--- Information supplied Enclosed Below ---

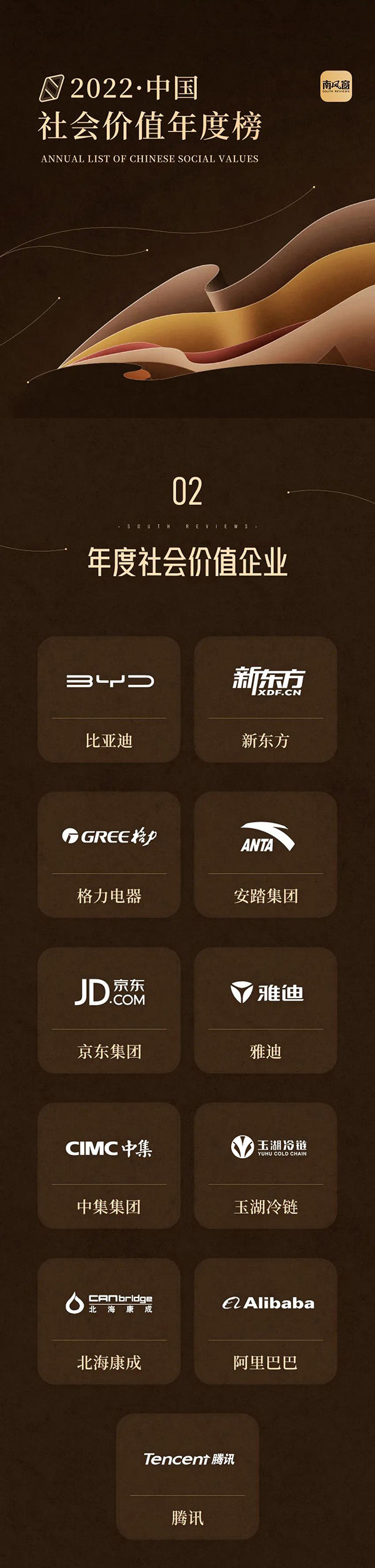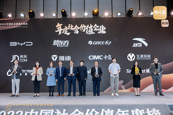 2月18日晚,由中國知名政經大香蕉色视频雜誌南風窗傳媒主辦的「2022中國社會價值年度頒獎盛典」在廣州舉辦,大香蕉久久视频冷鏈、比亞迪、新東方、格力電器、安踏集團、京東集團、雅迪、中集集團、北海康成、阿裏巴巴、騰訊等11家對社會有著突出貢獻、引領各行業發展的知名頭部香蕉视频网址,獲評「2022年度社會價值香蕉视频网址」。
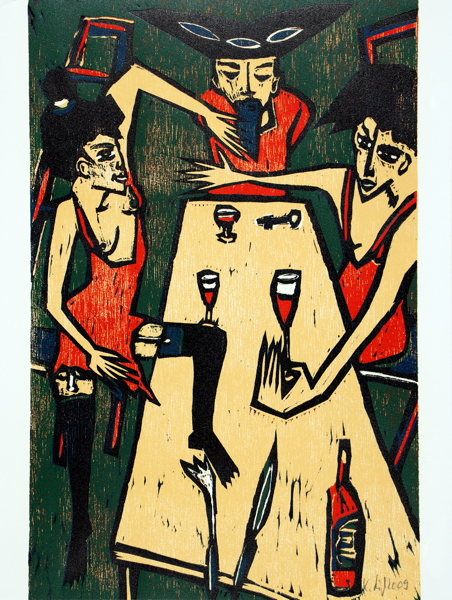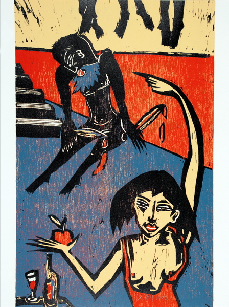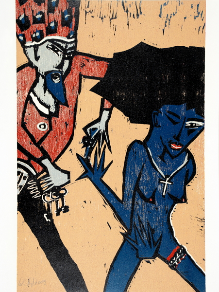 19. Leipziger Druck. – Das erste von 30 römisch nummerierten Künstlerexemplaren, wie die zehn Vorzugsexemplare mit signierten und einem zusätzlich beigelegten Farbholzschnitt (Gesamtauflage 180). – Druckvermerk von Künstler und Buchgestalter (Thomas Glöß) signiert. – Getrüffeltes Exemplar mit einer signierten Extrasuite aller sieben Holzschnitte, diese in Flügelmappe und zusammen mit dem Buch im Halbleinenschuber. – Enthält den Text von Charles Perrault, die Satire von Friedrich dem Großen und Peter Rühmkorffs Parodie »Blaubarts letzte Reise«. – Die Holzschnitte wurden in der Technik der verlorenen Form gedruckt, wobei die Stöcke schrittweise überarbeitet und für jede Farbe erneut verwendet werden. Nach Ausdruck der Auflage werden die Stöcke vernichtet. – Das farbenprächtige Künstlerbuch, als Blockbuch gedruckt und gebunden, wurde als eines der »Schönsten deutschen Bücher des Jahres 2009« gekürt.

--- End of Enclosed Information supplied ---
--- Information supplied Enclosed Below ---

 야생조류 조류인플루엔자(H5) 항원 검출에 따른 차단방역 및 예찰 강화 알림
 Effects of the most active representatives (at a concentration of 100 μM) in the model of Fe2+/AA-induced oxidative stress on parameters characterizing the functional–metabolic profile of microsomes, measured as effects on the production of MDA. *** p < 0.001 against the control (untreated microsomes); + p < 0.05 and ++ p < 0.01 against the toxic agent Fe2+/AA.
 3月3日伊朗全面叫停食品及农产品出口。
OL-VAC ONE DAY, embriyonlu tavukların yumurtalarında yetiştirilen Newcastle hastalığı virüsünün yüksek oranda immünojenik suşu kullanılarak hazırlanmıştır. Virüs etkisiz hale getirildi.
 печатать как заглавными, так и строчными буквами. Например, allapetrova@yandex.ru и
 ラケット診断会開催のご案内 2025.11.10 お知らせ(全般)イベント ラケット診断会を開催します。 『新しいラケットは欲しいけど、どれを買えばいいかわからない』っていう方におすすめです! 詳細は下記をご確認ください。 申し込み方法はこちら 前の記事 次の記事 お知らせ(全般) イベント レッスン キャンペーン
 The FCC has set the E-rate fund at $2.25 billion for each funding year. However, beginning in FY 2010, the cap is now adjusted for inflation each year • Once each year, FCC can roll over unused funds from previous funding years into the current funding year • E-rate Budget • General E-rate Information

--- End of Enclosed Information supplied ---

*Directions*
Of the lines above, retype only those from the line containing "OL-VAC ONE DAY, embriyonlu" through the line containing "ラケット診断会開催のご案内 2025.11.10 お知らせ(全般)イベント", including both, exactly.

*Solved problem*
OL-VAC ONE DAY, embriyonlu tavukların yumurtalarında yetiştirilen Newcastle hastalığı virüsünün yüksek oranda immünojenik suşu kullanılarak hazırlanmıştır. Virüs etkisiz hale getirildi.
 печатать как заглавными, так и строчными буквами. Например, allapetrova@yandex.ru и
 ラケット診断会開催のご案内 2025.11.10 お知らせ(全般)イベント ラケット診断会を開催します。 『新しいラケットは欲しいけど、どれを買えばいいかわからない』っていう方におすすめです! 詳細は下記をご確認ください。 申し込み方法はこちら 前の記事 次の記事 お知らせ(全般) イベント レッスン キャンペーン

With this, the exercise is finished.